Study: Heart Condition Is Widespread in Developing World but Easily Detectable
By Jessica Berman
Washington
02 August 2007
Experts say that rheumatic fever, an inflammation that can affect the heart and become fatal, is widespread throughout the developing world, but often undetected by doctors. They say more people could be diagnosed using a test called an echocardiogram that takes images of the heart. VOA's Jessica Berman reports.
Rheumatic fever has been called a disease of poverty. The inflammatory heart condition is caused by the same bacterial that caused the strep throat, a streptococcus bacterial infection, that goes untreated. It has become rare in the developed world because of the widespread use of antibiotics.
But it is still prevalent in the developing world, where health officials estimate there are 16 million people with the disease. More than a quarter of a million die each year from rheumatic heart disease, caused by rheumatic fever. RHD frequently involves damage to heart valves and irregular heart rhythms. Rheumatic fever mostly strikes children and is easily treated.
Because many cases of rheumatic fever do not produce symptoms, many doctors fail to diagnose it by examination alone.
To find out if there is a better way to diagnose the disease, French and Cambodian researchers studied the use of a heart imaging technique, called echocardiography, which takes pictures of the heart.
In a study of 3,600 children in Cambodia, echocardiography detected 80 cases of rheumatic fever compared to eight cases detected by doctors' examinations alone. Of 2,100 children in Mozambique, echocardiography detected nearly 70 cases of the disease compared to five cases picked up by doctors.

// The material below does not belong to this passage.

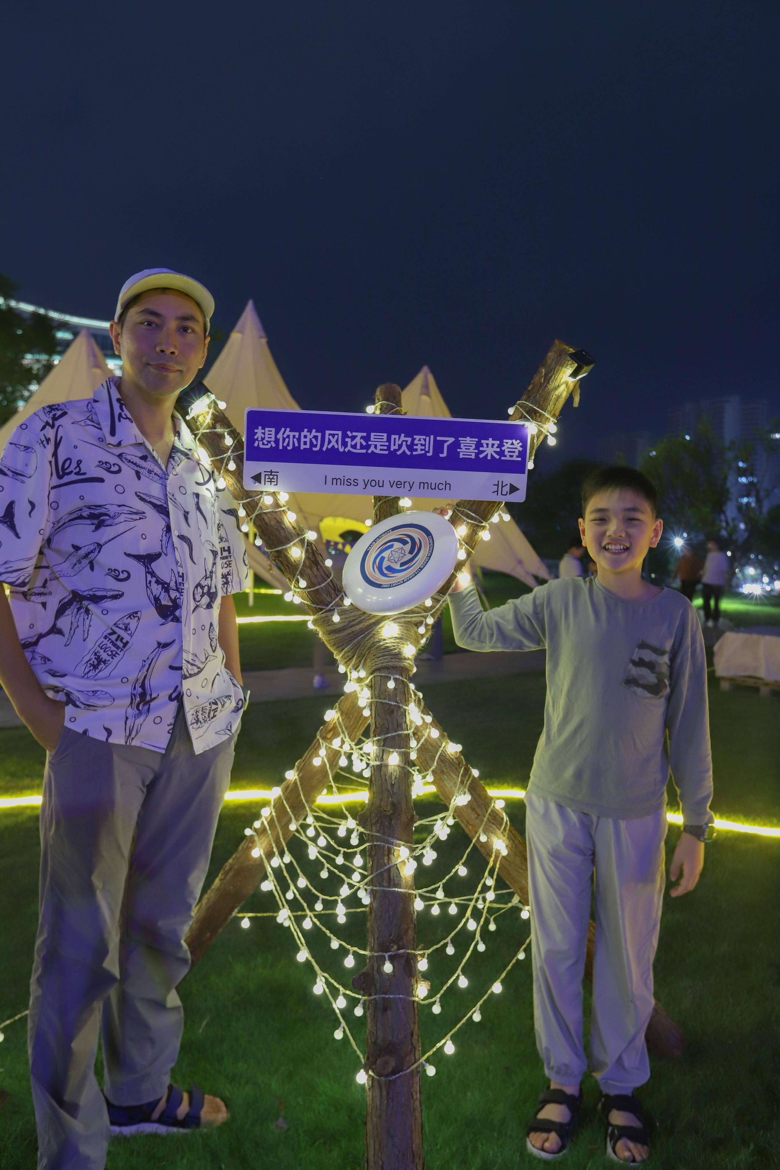 晚上,在酒店前面的大草坪,就是一片很好的露营地,吹着湖风,在这里玩飞碟游戏,非常开心。

The results of the study have been published in the New England Journal of Medicine.
Eloi Marijon, a doctor at a hospital in Paris and the study's main investigator, says the study found that ten times more people are infected with rheumatic fever than official estimates show. "So we found that nine children out of ten were not detected by clinical examination," he said.
Marijon says an echocardiogram uses ultrasound to bounce sound waves off the heart and produce a picture. He says the machine costs around $10,000.
In resource-poor countries, he says it might be hard to find that kind of money. But Maijon says the machine would make an enormous difference. "With portable ultrasound equipment we can check a lot of children. So, I think it's not too expensive," he said.
Observers say the results of the study require urgent attention by the international community. Until a vaccine against rheumatic fever is developed, they say a practical and affordable way should be found to get echocardiograph machines to countries where they are most needed.